**Data excerpts**
+===+
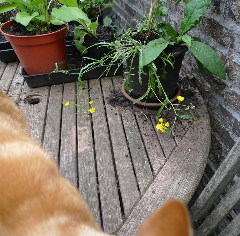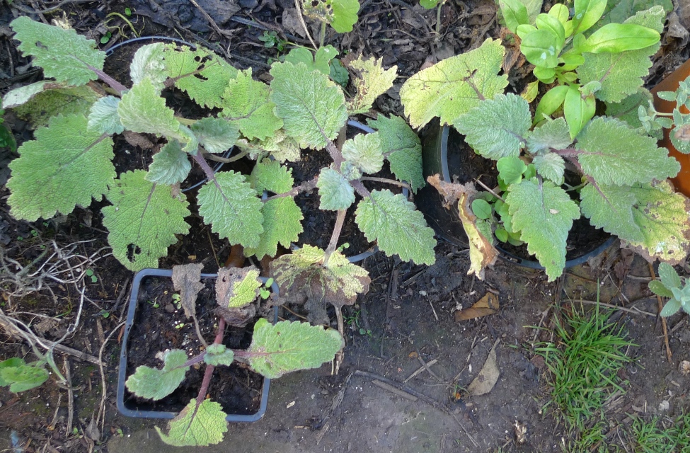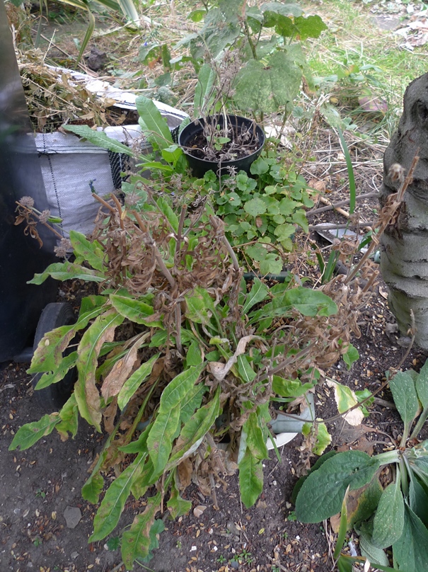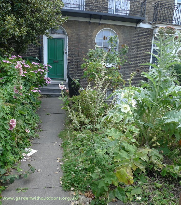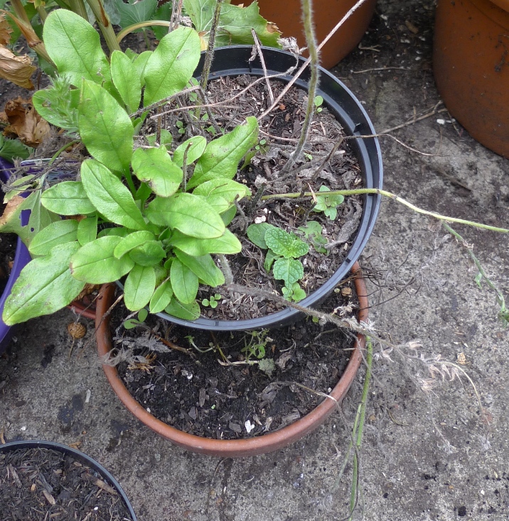 hollyhocks used to be the star of the garden next door but the hollyhock weevil seriously reduced numbers, I am trying to grow some replacements from seed but the slugs are seriously damaging the seedlings, I am going to try keeping them in pots until they are larger and maybe able to survive? mugwort to the left
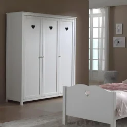 Armoire Penderie 3 Portes Blanche Motifs Coeurs Ajourés de la gamme Milady.
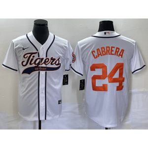 Men’s Detroit Tigers #24 Miguel Cabrera Navy/Orange Lace-Up Pullover Hoodie
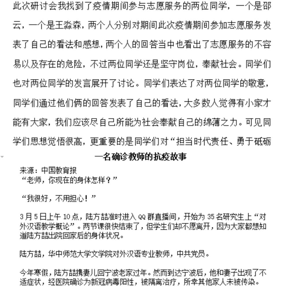 活动以线上的方式召开,通过组织主题团日、团课、研讨会、征文演讲等活动强化团员青年们对回信精神的理解。其次,组织疫情期间参与抗疫志愿服务的青年团员们分享了他们在疫情防控中的感人事迹,并通过座谈交流、研讨会让同学们感受到了青年优秀志愿者们乐于奉献的精神品格,为广大青年团员树立了榜样,激励其向青年先锋看齐,把对他们的敬佩和内心的感动化作奋斗的动力,顽强拼搏勤学上进。最后还开展了毕业班就业情况调查,了解了毕业生目前最关心的就业问题,以期能更好地针对毕业生就业问题给予解答,为毕业生的就业提供更多的有针对性的指导和帮助。
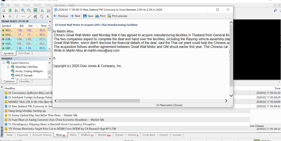 ATFX是一家与时俱进的差价合约经纪商,会根据金融市场的最新发展趋势,为投资者提供最前沿的新闻资讯和市场报道。2020年1月份开始,ATFX对MT4交易平台进行优化升级,在现有新闻资讯的基础上,最新增加了道琼斯通讯社的新闻服务,目前英文版本已经在欧洲上线,接下来将会陆续在全球更多国家上线,并提供多种语言供投资者灵活选择。
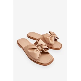 Damskie Skórzane Klapki Z Kokardą Beżowe Becky
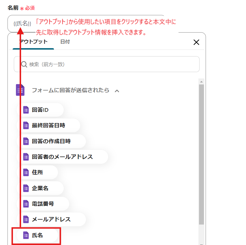 先に連携したGoogleフォームのアウトプット情報を引用できるので、候補から引用して入力してください。
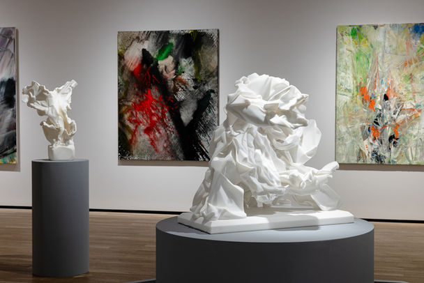「記憶中的風景」系列作品以連續編號命名,似乎記錄了記憶的瞬間,同時也引發了兩種看似迥異、實則相互構成的創作途徑:力求表達主體精髓的中國水墨畫及其豐富的筆墨傳統,以及日本具體派運動,該運動主張既不「改變」也不「扭曲」物質,而是「賦予其生命」。顯而易見地,兩者皆體現了核心邏輯:致力於捕捉內在的本質——對中國水墨畫而言是主體,就具體派而言則是媒介本身。
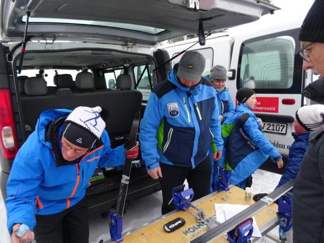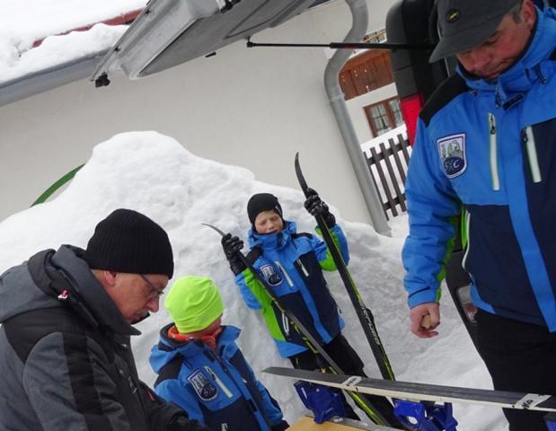 Unser bewährtes Wachsteam vom Kreisfinale auf dem Thurner, Hubert Rombach, Hermann Faller u Josef Heizmann sorgten bei unseren zwei Mannschaften der Grundschule Waldau-Langenordnach für einen super Ski.
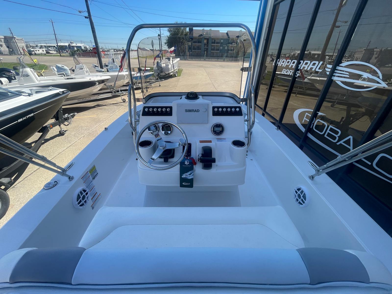 This bay boat comes loaded with premium features designed to enhance comfort, convenience, and functionality. The Bimini Top with Boot offers essential shade on sunny days, allowing you and your guests to relax in comfort. The cockpit interior, finished in Harbor Ice Blue, not only looks fantastic but also provides a cool and inviting atmosphere. Navigation and fish-finding are made effortless with the Simrad NSS7 EVO3 Chartplotter/Multifunction display, giving you access to advanced mapping and real-time data at your fingertips.The Seadek Helm Mat ensures a comfortable and slip-resistant surface at the helm, while the black canvas color adds a touch of sophistication to the overall design. The white powder-coated leaning post provides sturdy support and a modern aesthetic, making long days on the water more enjoyable. For those who value ease of transport and storage, the trailer upgrade features an aluminum tandem axle, galvanized wheels, and side guides, ensuring your Robalo boat for sale is always ready for the next adventure.Additional highlights include the fold-down console windshield and grab rail, which offer protection from the elements and added safety, and the hull side gelcoat in Ice Blue, which not only enhances the boat’s appearance but also adds a layer of durability.
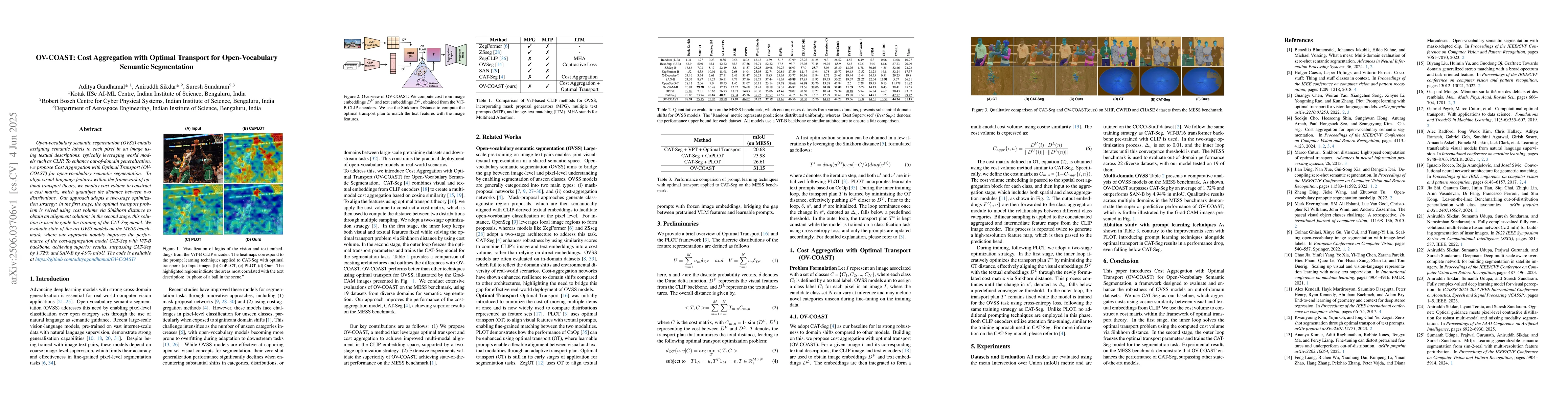 OV-COAST differentiates itself by integrating optimal transport theory with cost aggregation for open-vocabulary semantic segmentation, outperforming existing methods on the MESS benchmark.
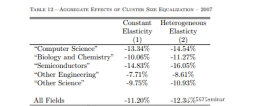 利用上述扩展模型,作者估计了每个研究领域中集群规模均等对美国在该领域产生专利总数的总效应。结果如表12所示。
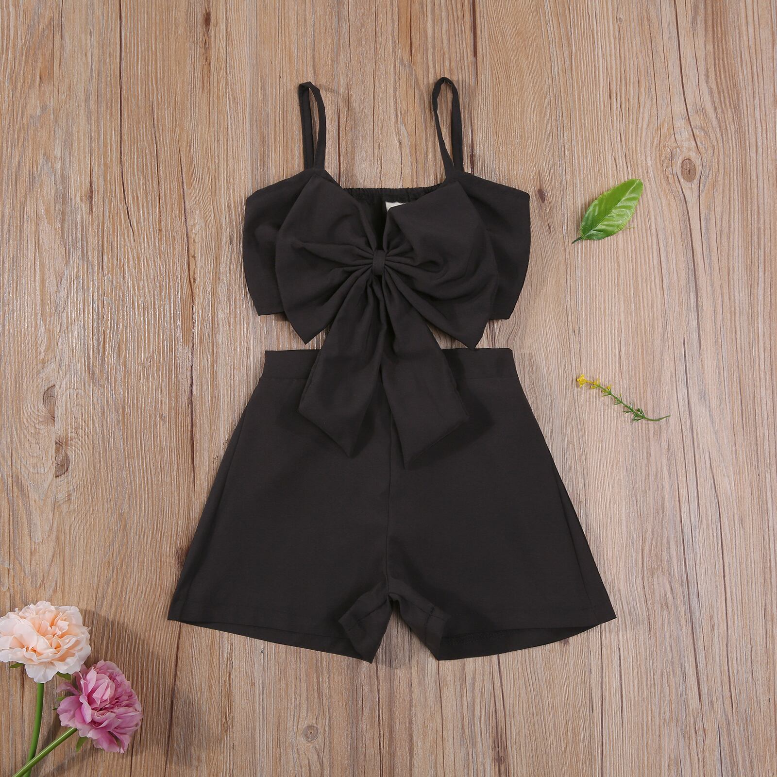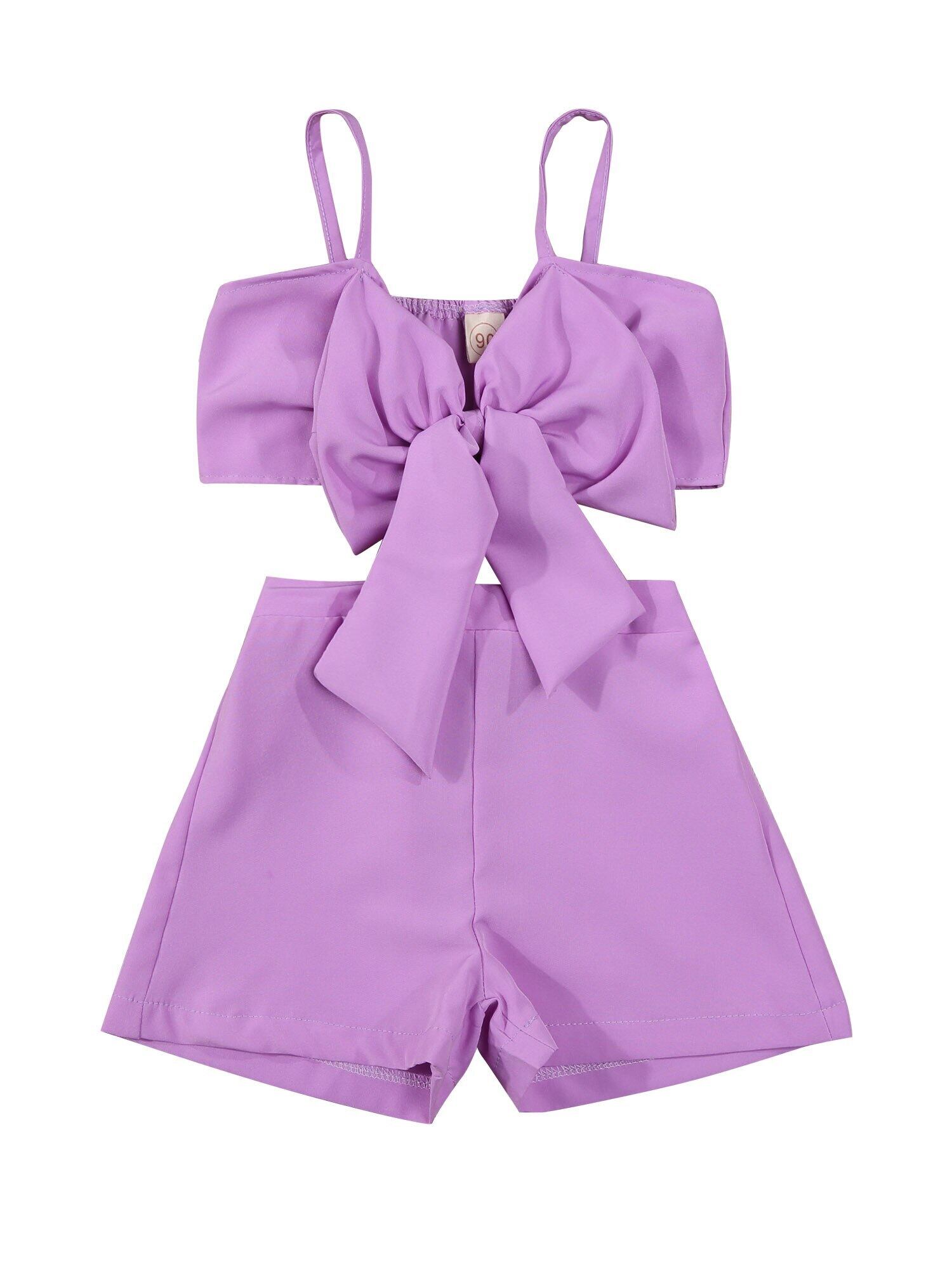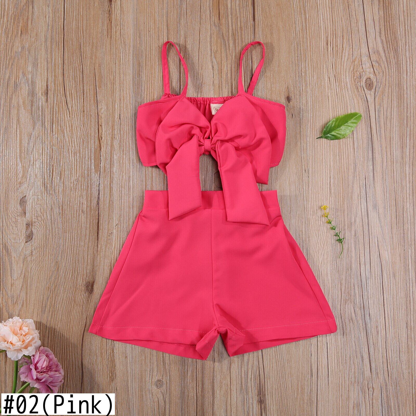新作 Ma&Baby2-7Y夏の子供子供服セットボウクロップトップベストショーツビーチホリデーバケーション衣装
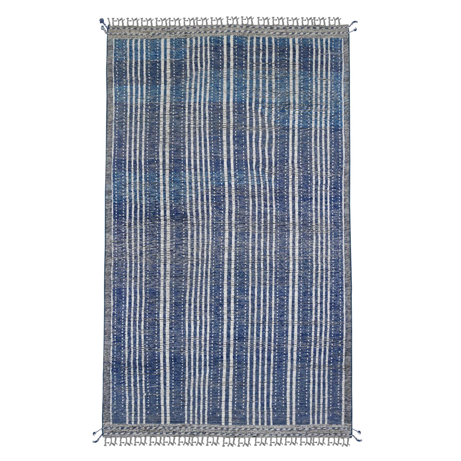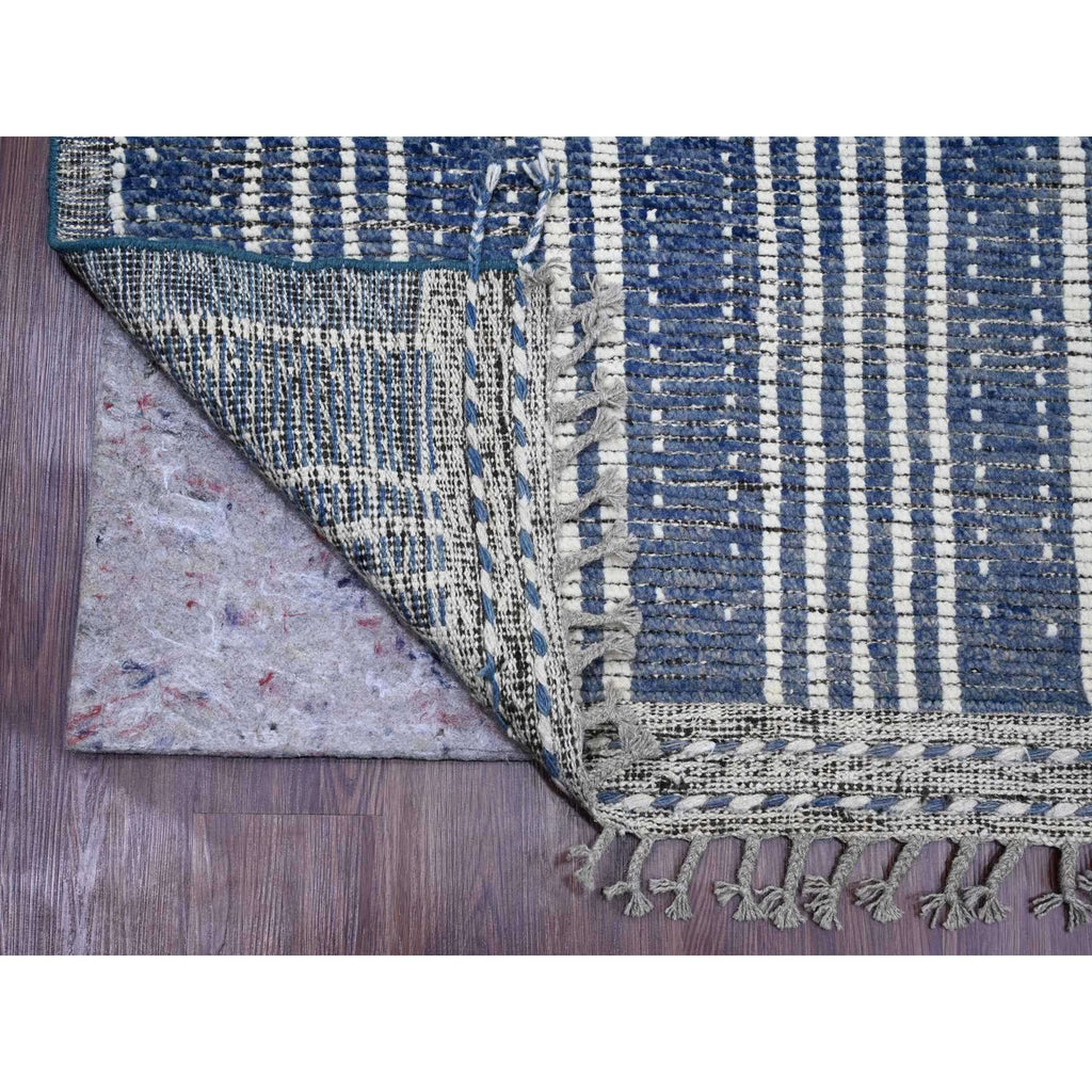 6'x10'4" Aegean Blue, Moroccan Weave With Line Design, Soft Wool, Hand Knotted, Tone On Tone, Textured Pile, Oriental Rug FWR124446
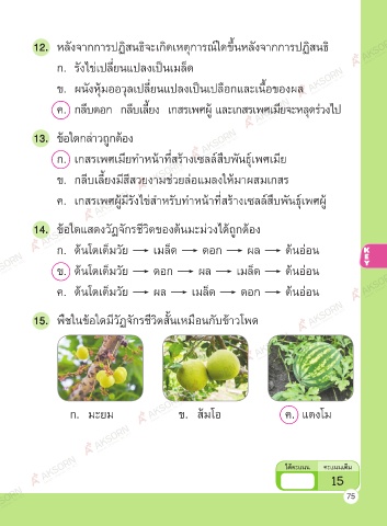 14. ขอใดแสดงวัฏจักรชีวิตของตนมะมวงไดถูกตอง
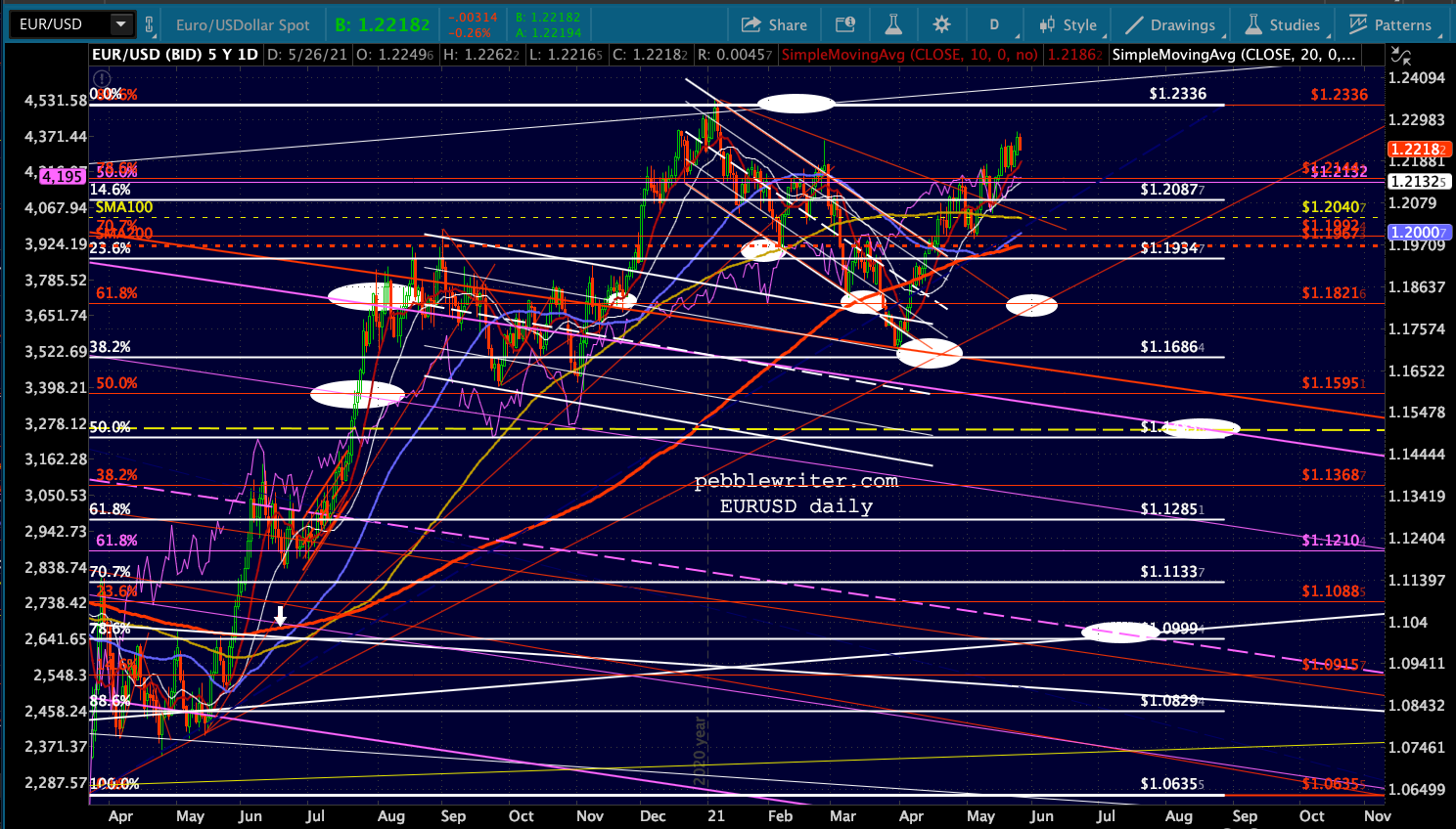It tested the 2.618 again on 4/23/19, falling 7.5% over six weeks, and spent about 4 months between June and October crisscrossing the 2.618 while bouncing off the SMA200 multiple times. By December, the SMA200 finally rose above the 2.618 and DJI was presumably in the clear.
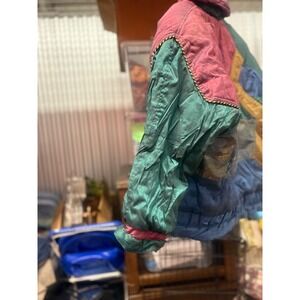 Keywords: vintage jacket, bomber jacket, patchwork, quilted, metallic, teal, pink, gold, statement jacket, retro fashion, unique outerwear, bold style, 80s fashion, 90s fashion, colorful jacketew photos as they are part of description
+===+
Leaving out the images, return the entries above exactly as they read.

 hollyhocks used to be the star of the garden next door but the hollyhock weevil seriously reduced numbers, I am trying to grow some replacements from seed but the slugs are seriously damaging the seedlings, I am going to try keeping them in pots until they are larger and maybe able to survive? mugwort to the left
 Armoire Penderie 3 Portes Blanche Motifs Coeurs Ajourés de la gamme Milady.
 Men’s Detroit Tigers #24 Miguel Cabrera Navy/Orange Lace-Up Pullover Hoodie
 活动以线上的方式召开,通过组织主题团日、团课、研讨会、征文演讲等活动强化团员青年们对回信精神的理解。其次,组织疫情期间参与抗疫志愿服务的青年团员们分享了他们在疫情防控中的感人事迹,并通过座谈交流、研讨会让同学们感受到了青年优秀志愿者们乐于奉献的精神品格,为广大青年团员树立了榜样,激励其向青年先锋看齐,把对他们的敬佩和内心的感动化作奋斗的动力,顽强拼搏勤学上进。最后还开展了毕业班就业情况调查,了解了毕业生目前最关心的就业问题,以期能更好地针对毕业生就业问题给予解答,为毕业生的就业提供更多的有针对性的指导和帮助。
 ATFX是一家与时俱进的差价合约经纪商,会根据金融市场的最新发展趋势,为投资者提供最前沿的新闻资讯和市场报道。2020年1月份开始,ATFX对MT4交易平台进行优化升级,在现有新闻资讯的基础上,最新增加了道琼斯通讯社的新闻服务,目前英文版本已经在欧洲上线,接下来将会陆续在全球更多国家上线,并提供多种语言供投资者灵活选择。
 Damskie Skórzane Klapki Z Kokardą Beżowe Becky
 先に連携したGoogleフォームのアウトプット情報を引用できるので、候補から引用して入力してください。
「記憶中的風景」系列作品以連續編號命名,似乎記錄了記憶的瞬間,同時也引發了兩種看似迥異、實則相互構成的創作途徑:力求表達主體精髓的中國水墨畫及其豐富的筆墨傳統,以及日本具體派運動,該運動主張既不「改變」也不「扭曲」物質,而是「賦予其生命」。顯而易見地,兩者皆體現了核心邏輯:致力於捕捉內在的本質——對中國水墨畫而言是主體,就具體派而言則是媒介本身。
 Unser bewährtes Wachsteam vom Kreisfinale auf dem Thurner, Hubert Rombach, Hermann Faller u Josef Heizmann sorgten bei unseren zwei Mannschaften der Grundschule Waldau-Langenordnach für einen super Ski.
 This bay boat comes loaded with premium features designed to enhance comfort, convenience, and functionality. The Bimini Top with Boot offers essential shade on sunny days, allowing you and your guests to relax in comfort. The cockpit interior, finished in Harbor Ice Blue, not only looks fantastic but also provides a cool and inviting atmosphere. Navigation and fish-finding are made effortless with the Simrad NSS7 EVO3 Chartplotter/Multifunction display, giving you access to advanced mapping and real-time data at your fingertips.The Seadek Helm Mat ensures a comfortable and slip-resistant surface at the helm, while the black canvas color adds a touch of sophistication to the overall design. The white powder-coated leaning post provides sturdy support and a modern aesthetic, making long days on the water more enjoyable. For those who value ease of transport and storage, the trailer upgrade features an aluminum tandem axle, galvanized wheels, and side guides, ensuring your Robalo boat for sale is always ready for the next adventure.Additional highlights include the fold-down console windshield and grab rail, which offer protection from the elements and added safety, and the hull side gelcoat in Ice Blue, which not only enhances the boat’s appearance but also adds a layer of durability.
 OV-COAST differentiates itself by integrating optimal transport theory with cost aggregation for open-vocabulary semantic segmentation, outperforming existing methods on the MESS benchmark.
 利用上述扩展模型,作者估计了每个研究领域中集群规模均等对美国在该领域产生专利总数的总效应。结果如表12所示。
新作 Ma&Baby2-7Y夏の子供子供服セットボウクロップトップベストショーツビーチホリデーバケーション衣装
 6'x10'4" Aegean Blue, Moroccan Weave With Line Design, Soft Wool, Hand Knotted, Tone On Tone, Textured Pile, Oriental Rug FWR124446
 14. ขอใดแสดงวัฏจักรชีวิตของตนมะมวงไดถูกตอง
It tested the 2.618 again on 4/23/19, falling 7.5% over six weeks, and spent about 4 months between June and October crisscrossing the 2.618 while bouncing off the SMA200 multiple times. By December, the SMA200 finally rose above the 2.618 and DJI was presumably in the clear.
 Keywords: vintage jacket, bomber jacket, patchwork, quilted, metallic, teal, pink, gold, statement jacket, retro fashion, unique outerwear, bold style, 80s fashion, 90s fashion, colorful jacketew photos as they are part of description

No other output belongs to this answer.